[YOUR GOAL] Write out, word for word and with no pictures, each line below from the one containing "5) Remove the" through the one containing "Introducing the vibrant", both included, and no other line.

[RECORDS PROVIDED]
[Start of Attachment]

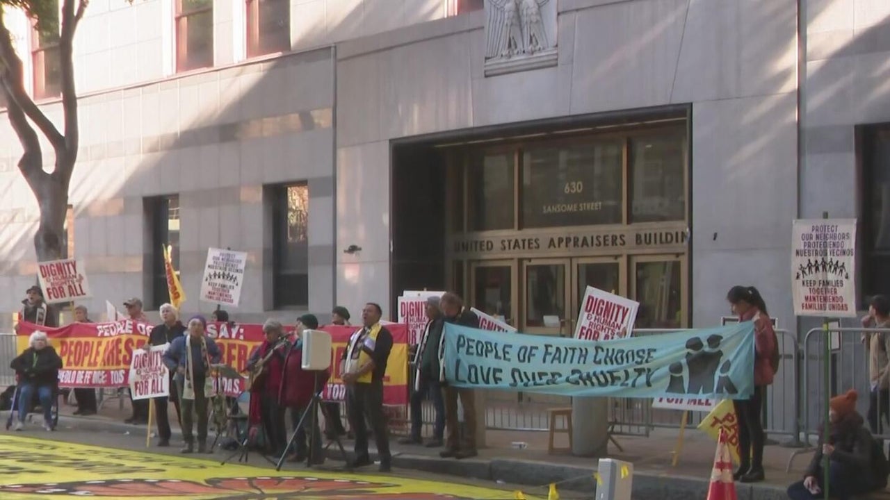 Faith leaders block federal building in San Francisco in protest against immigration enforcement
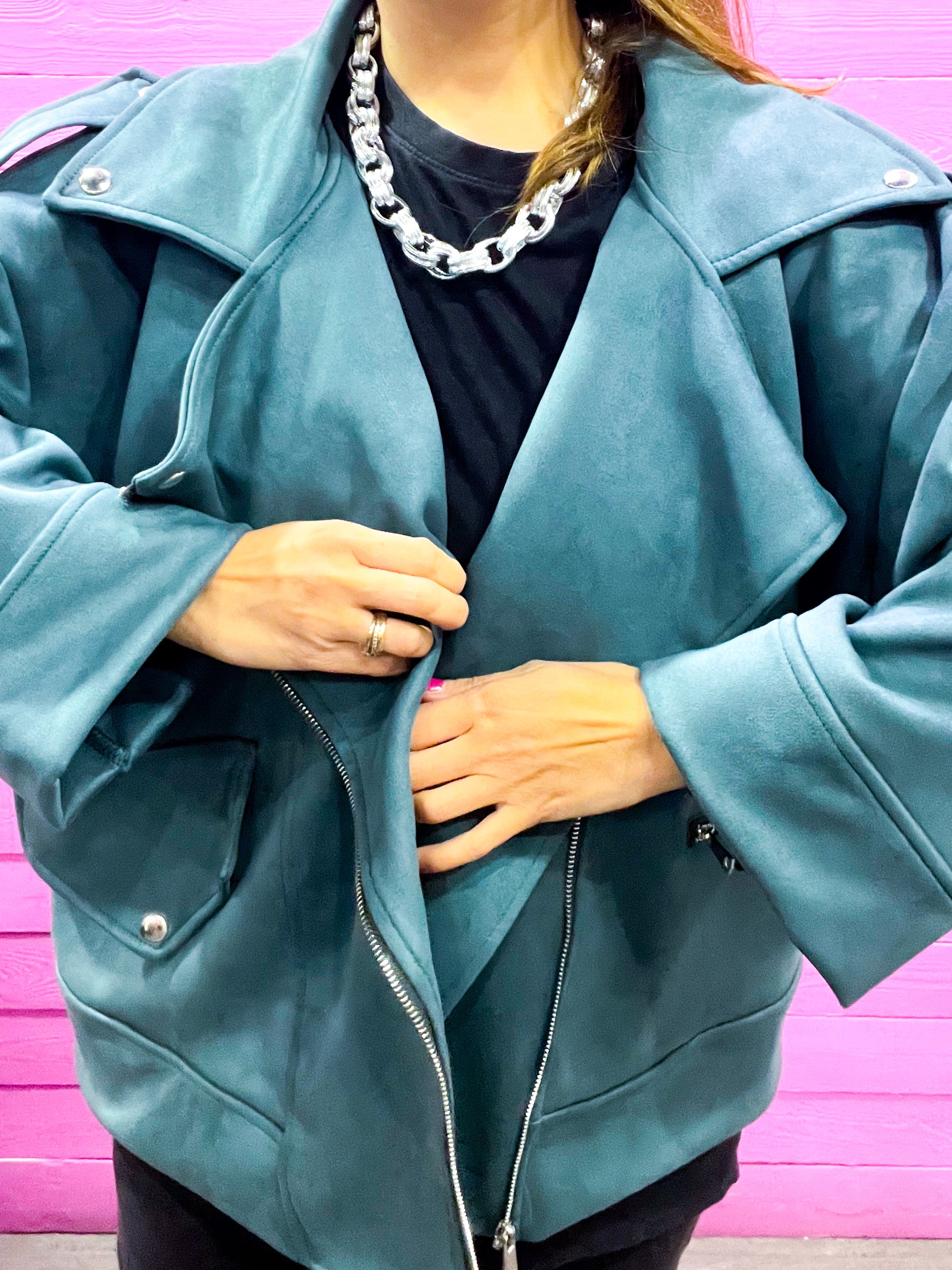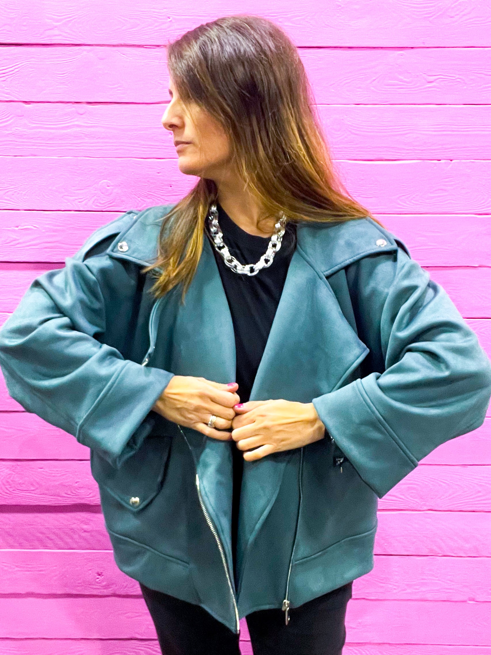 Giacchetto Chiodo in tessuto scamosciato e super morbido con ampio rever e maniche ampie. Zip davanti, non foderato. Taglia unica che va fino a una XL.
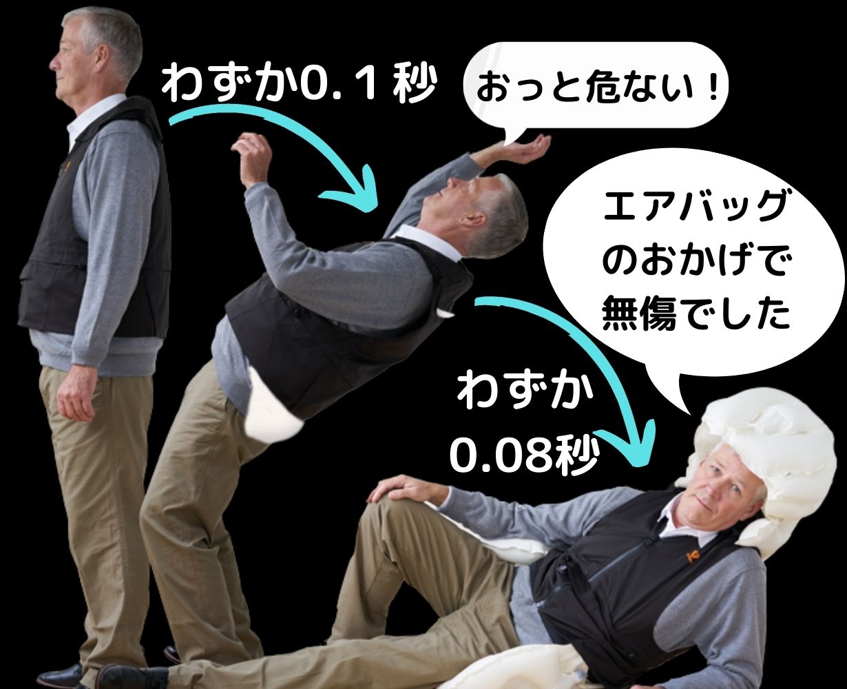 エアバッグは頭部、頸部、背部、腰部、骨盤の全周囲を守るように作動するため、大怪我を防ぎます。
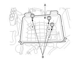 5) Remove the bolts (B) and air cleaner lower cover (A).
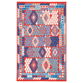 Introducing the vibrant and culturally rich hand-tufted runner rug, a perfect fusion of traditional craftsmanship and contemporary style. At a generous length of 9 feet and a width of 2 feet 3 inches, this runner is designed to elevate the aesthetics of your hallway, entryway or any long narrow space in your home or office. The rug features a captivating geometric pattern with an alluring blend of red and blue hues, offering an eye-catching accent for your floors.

[End of Attachment]
[Start of Attachment]

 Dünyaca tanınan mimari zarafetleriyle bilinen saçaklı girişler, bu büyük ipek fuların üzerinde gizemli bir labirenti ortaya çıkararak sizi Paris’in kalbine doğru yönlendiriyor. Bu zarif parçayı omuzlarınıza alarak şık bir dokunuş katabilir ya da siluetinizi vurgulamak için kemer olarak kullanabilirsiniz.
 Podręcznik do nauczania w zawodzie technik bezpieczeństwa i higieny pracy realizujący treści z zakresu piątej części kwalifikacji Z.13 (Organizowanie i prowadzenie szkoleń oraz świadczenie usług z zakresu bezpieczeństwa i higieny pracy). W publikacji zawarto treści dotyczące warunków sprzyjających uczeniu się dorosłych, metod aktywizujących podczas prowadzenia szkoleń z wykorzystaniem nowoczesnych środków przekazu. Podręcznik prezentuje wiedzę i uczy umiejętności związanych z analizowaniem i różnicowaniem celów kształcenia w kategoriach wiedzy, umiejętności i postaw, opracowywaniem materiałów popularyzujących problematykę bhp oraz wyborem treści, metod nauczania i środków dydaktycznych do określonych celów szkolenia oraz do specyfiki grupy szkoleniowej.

[End of Attachment]
[Start of Attachment]

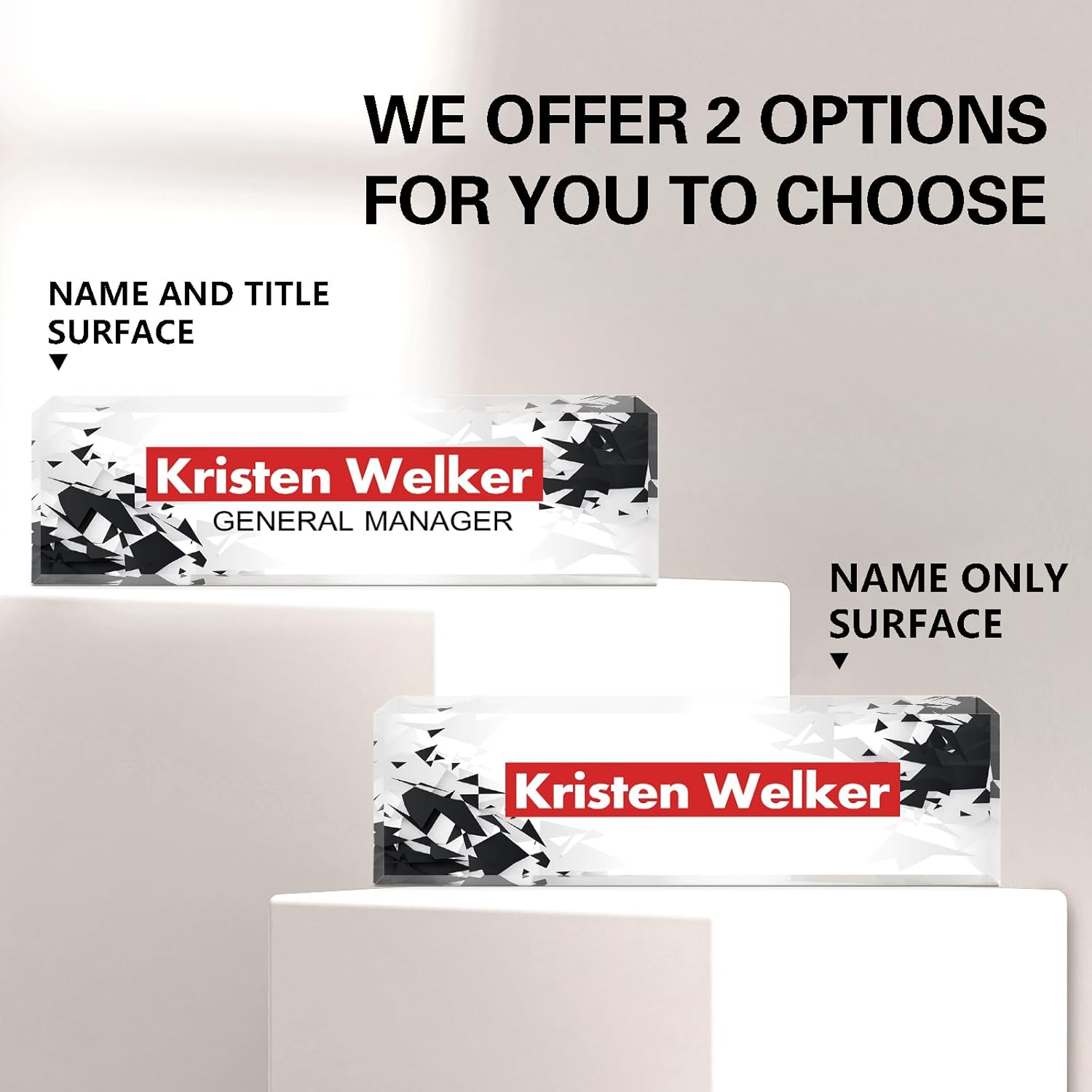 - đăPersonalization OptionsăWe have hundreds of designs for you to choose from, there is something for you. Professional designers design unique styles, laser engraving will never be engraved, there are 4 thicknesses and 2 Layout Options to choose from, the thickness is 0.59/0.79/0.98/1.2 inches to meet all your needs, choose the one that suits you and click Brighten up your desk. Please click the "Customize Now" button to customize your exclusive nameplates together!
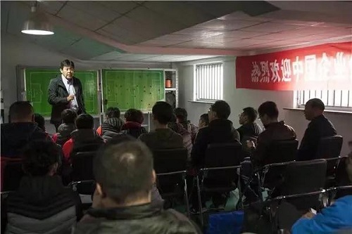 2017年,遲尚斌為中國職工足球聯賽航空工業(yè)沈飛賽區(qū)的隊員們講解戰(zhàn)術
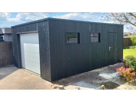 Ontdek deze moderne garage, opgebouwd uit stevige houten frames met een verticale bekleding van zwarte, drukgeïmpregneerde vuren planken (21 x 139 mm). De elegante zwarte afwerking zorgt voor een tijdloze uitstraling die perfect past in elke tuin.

[End of Attachment]

[RESULT OF THIS EXERCISE]
 5) Remove the bolts (B) and air cleaner lower cover (A).
 Introducing the vibrant and culturally rich hand-tufted runner rug, a perfect fusion of traditional craftsmanship and contemporary style. At a generous length of 9 feet and a width of 2 feet 3 inches, this runner is designed to elevate the aesthetics of your hallway, entryway or any long narrow space in your home or office. The rug features a captivating geometric pattern with an alluring blend of red and blue hues, offering an eye-catching accent for your floors.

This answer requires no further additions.